Alignment of the promoter regions of L. lactis fruR (A) and lacR and lacA (B) with the corresponding homologues in Streptococcus agalactiae NEM316 (accession no. AL732656), Streptococcus pneumoniae R6 (accession no. AE007317), S. mutans UA159 (accession no. AE014133), Streptococcus pyogenes MGAS315 (accession no. AE014074), S. gordonii Challis NCTC 7868 (http://tigrblast.tigr.org), Staphylococcus aureus Mu50 (accession no. BA000017), Staphylococcus epidermidis ATCC 12228 (accession no. AE015929), Bacillus cereus ATCC 14579 (accession no. AE016877), B. subtilis 168 (accession no. AL009126), Listeria monocytogenes EGD-e (accession no. NC_003210), Enterococcus faecalis VE583 (accession no. AE016830), and Lactobacillus plantarum WCFS1 (accession no. AL935263). IIA indicates that the corresponding genes encode a PTS enzyme IIA component. The putative −10 and −35 regions are underlined. The FruR and LacR operators are boxed, and direct repeats are represented by horizontal arrows. Regions protected against DNase I cleavage by the LacR repressor in lacR and lacA genes of L. lactis are framed (29). Bases in bold are those conserved in the determined consensus sequence.

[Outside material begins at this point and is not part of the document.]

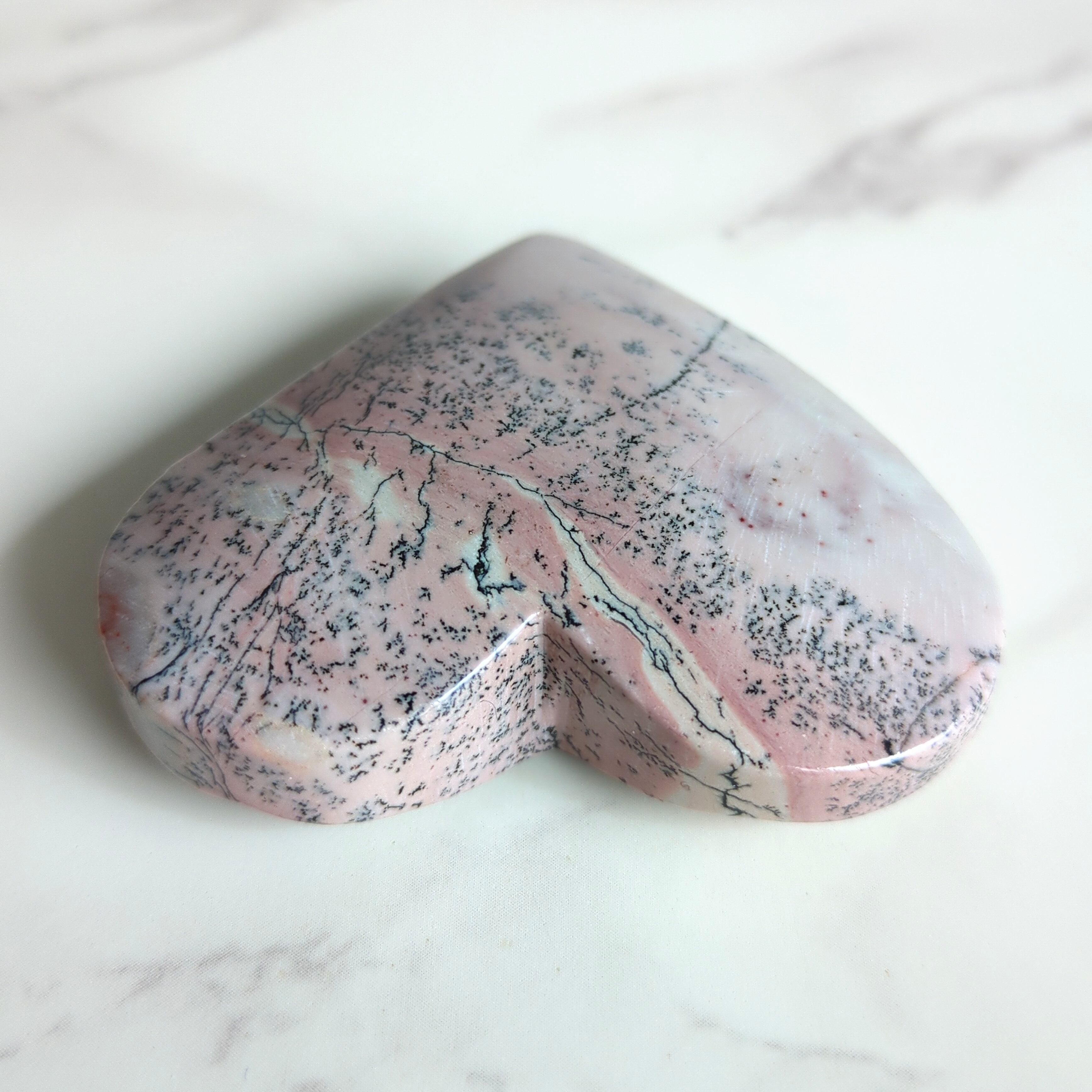落ち着いたピンクのマーブルの中に木の枝の模様のような柄が繊細に混ざり合った、アート作品のような上品なピースです。

Between panels A and B are indicated the potential consensus sequences recognized by FruR and LacR as determined by the alignments of the 48 and 30 presented repeats, respectively. The similarities and the significant differences are indicated by a colon and an X, respectively.

FIG. 4.

Schematic representation of the modified fru operon promoter sequences used to characterize the DNA-binding motif recognized by FruR. The promoter region inserted upstream of the fru operon is shown in the upper panel. The putative binding site of FruR is in bold. Strains were obtained by integration in the IL1403 chromosome of the plasmid pJIM2374 carrying pGEM-T, and the promoter regions amplified by the primers are indicated by arrows. Conserved sequences are shown by dotted lines, and TG→AA mutations in the M4 primer are indicated. The −10 and −35 regions are underlined. + or - at the right of the fragments indicate that the ratios of expression, as measured by QRT-PCR with lacC1 and lacC2 primers (complementary to the fruC gene) in cells grown in CDM with trehalose and fructose versus those grown in CDM-trehalose, are similar to that of the wild-type strain or close to 1, respectively.